Attempt A — VAD-only endpointing, act on first final¶
The bot uses 300 ms silence detection. The caller pauses after "four four" (thinking). 300 ms of silence trips the endpoint. The bot commits a final of "four four," fires the lookup, finds no account ending "44," and says "I couldn't find that account." The caller, mid-number, is baffled and angry. Worse, a dropped frame (chapter 02) on the lossy leg turned the spoken "one" into near-silence, so even the digits it did capture are suspect.
Attempt B — semantic endpointing + read-back confirmation¶
The bot streams interims but recognizes, semantically, that "four four" inside an account-number collection is incomplete — it's expecting more digits. Endpointing holds. It waits for either a long confident silence or a completeness signal. When the caller finishes, the final stabilizes to "four four one seven." Because digits are high-stakes and the channel is lossy, the bot does not trust the single pass: it reads back "I have account ending four-four-one-seven, is that right?" The caller confirms. Now it fires the chapter-07 CRM lookup.
The hard part hiding here: the bot needed context to endpoint well. A bare VAD has no idea it's in the middle of a digit sequence. The dialog state ("I am collecting an account number") feeds the turn clock. This is why endpointing is not purely an ASR concern — it couples to orchestration (chapter 04).
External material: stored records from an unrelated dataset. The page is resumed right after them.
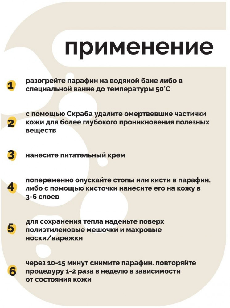 • повторяйте процедуру 1-2 раза в неделю в зависимости от состояния кожи. Одного брикета парафина достаточно для проведения 1 процедуры парафинотерапии рук. Если Вы используете специальную ванну, то потребуется 3-4 брикета, чтобы заполнить необходимый объем.
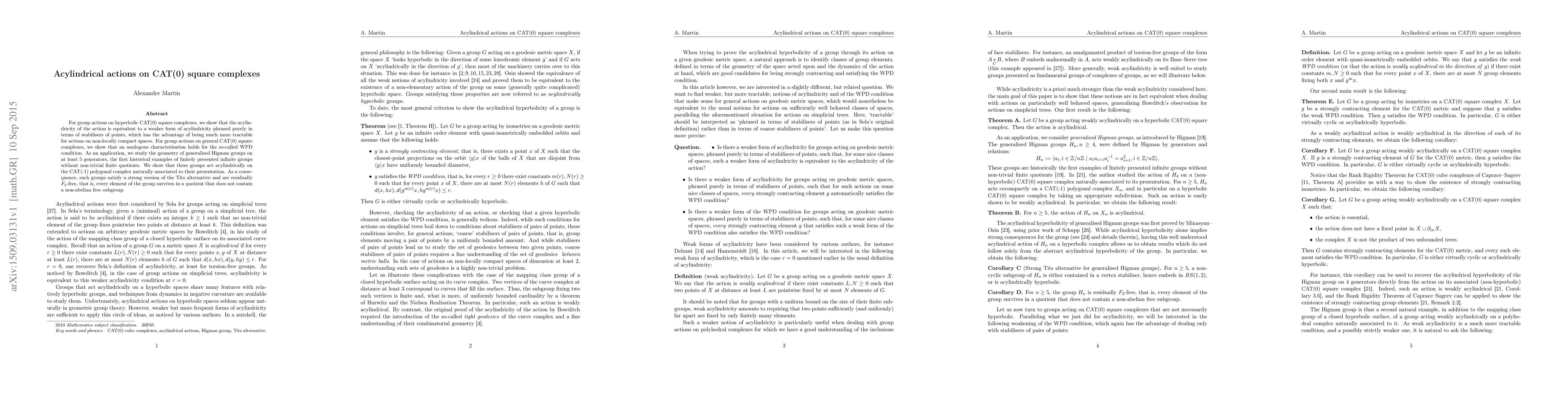 For group actions on hyperbolic CAT(0) square complexes, we show that the acylindricity of the action is equivalent to a weaker form of acylindricity phrased purely in terms of stabilisers of points, which has the advantage of being much more tractable for actions on non-locally compact spaces. For group actions on general CAT(0) square complexes, we show that an analogous characterisation holds for the so-called WPD condition. As an application, we study the geometry of generalised Higman groups on at least $5$ generators, the first historical examples of finitely presented infinite groups without non-trivial finite quotients. We show that these groups act acylindrically on the CAT(-1) polygonal complex naturally associated to their presentation. As a consequence, such groups satisfy a strong version of the Tits alternative and are residually $F_2$-free, that is, every element of the group survives in a quotient that does not contain a non-abelian free subgroup.
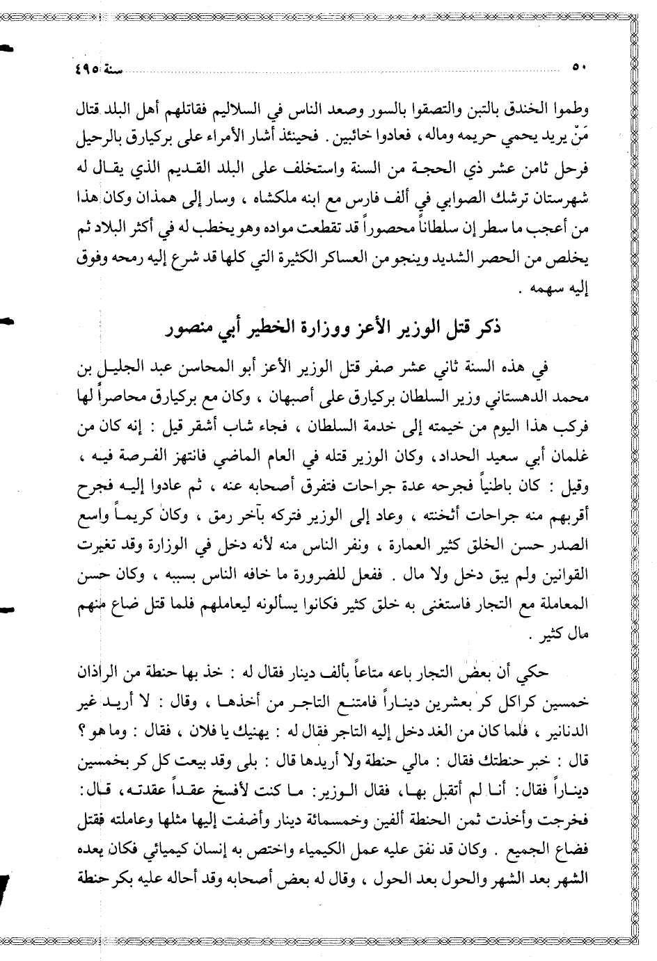في هذه السنة ثاني عشر صفر الوزير الأعز أبو المحاسن عبد الجليل بن محمد الدهستاني وزير السلطان بركيارق على أصبهان وكان مع بركيارق محاصرا لها فركب هذا اليوم من خيمته إلى خدمة السلطان فجاء شاب أشقر قيل إنه كان من غلمان أبي سعيد الحداد وكان الوزير قتله في العام الماضي فانتهز الفرصة فيه وقيل كان باطنيا فجرحه عدة جراحات فتفرق أصحابه عنه ثم عادوا إليه فجرح أقربهم منه جراحات أثخنته وعاد إلى الوزير فتركه بآخر رمق وكان كريما واسع الصدر حسن الخلق كثير العمارة ونفر الناس منه لأنه دخل في الوزارة وقد تغيرت القوانين ولم يبق دخل ولا مال
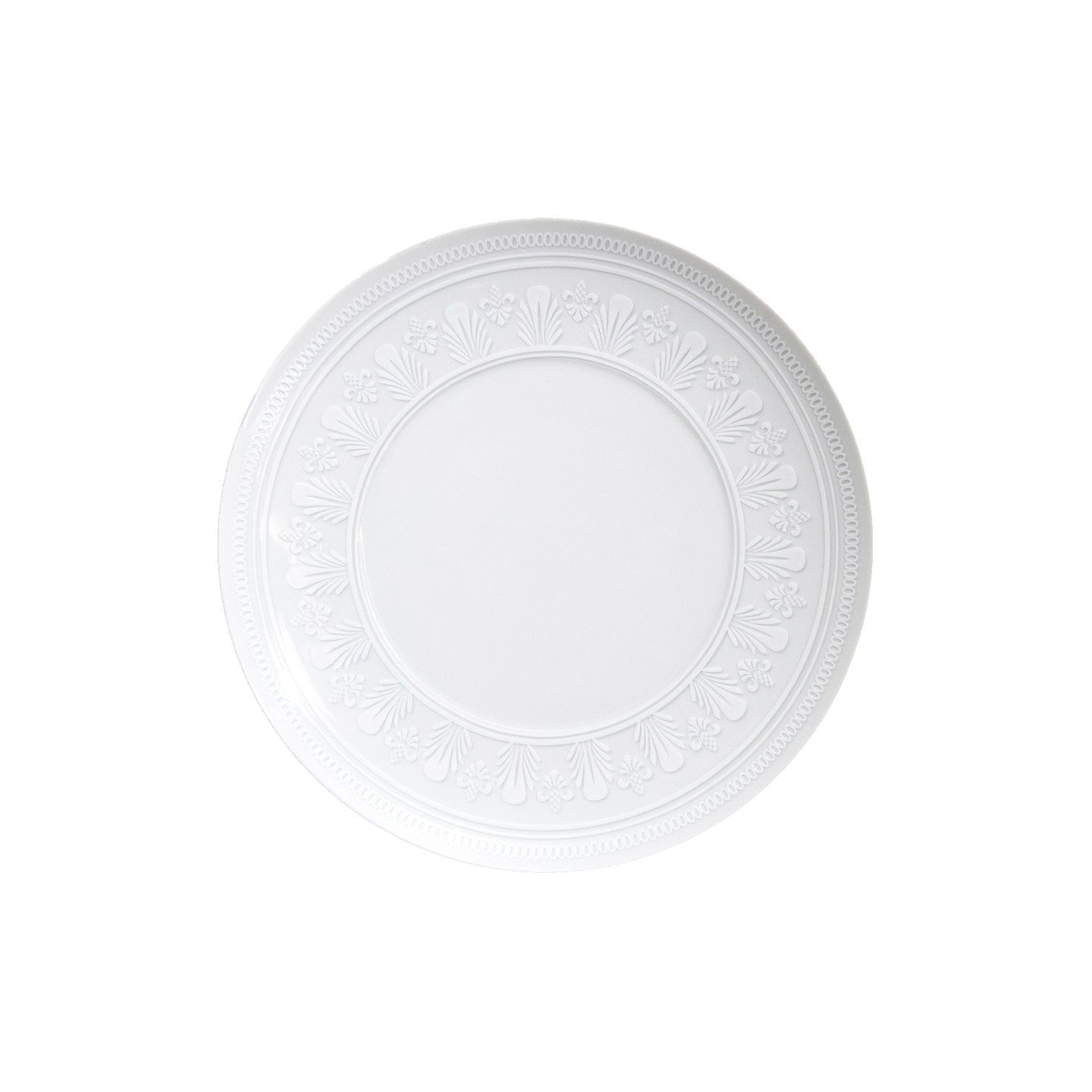 Inspired by the ceiling decorations of the Vista Alegre Palace in Portugal, the Ornament collection features an elegant white on white design. The pattern seems as if it's lifting out of the base because of the very delicate grey touch that highlights the shadow. This elegant collection will transform any formal meal into a spectacular royal gala.

4) Why streaming ASR with semantic endpointing instead of VAD + batch ASR — choosing under a conversational workload¶
The plausible alternative under a "keep it simple" mindset: use a cheap VAD to chop the audio into utterances, then send each finished chunk to a high-accuracy batch ASR. It's simpler and the batch model is often slightly more accurate.
- VAD chop + batch ASR per utterance — simple, accurate per chunk, cheap to wire. But it can only endpoint on silence (interrupts mid-thought), it has no interims (no responsiveness, the bot can't start thinking until the chunk is done and transcribed), and chunk boundaries cut words. Fine for voicemail transcription; wrong for conversation.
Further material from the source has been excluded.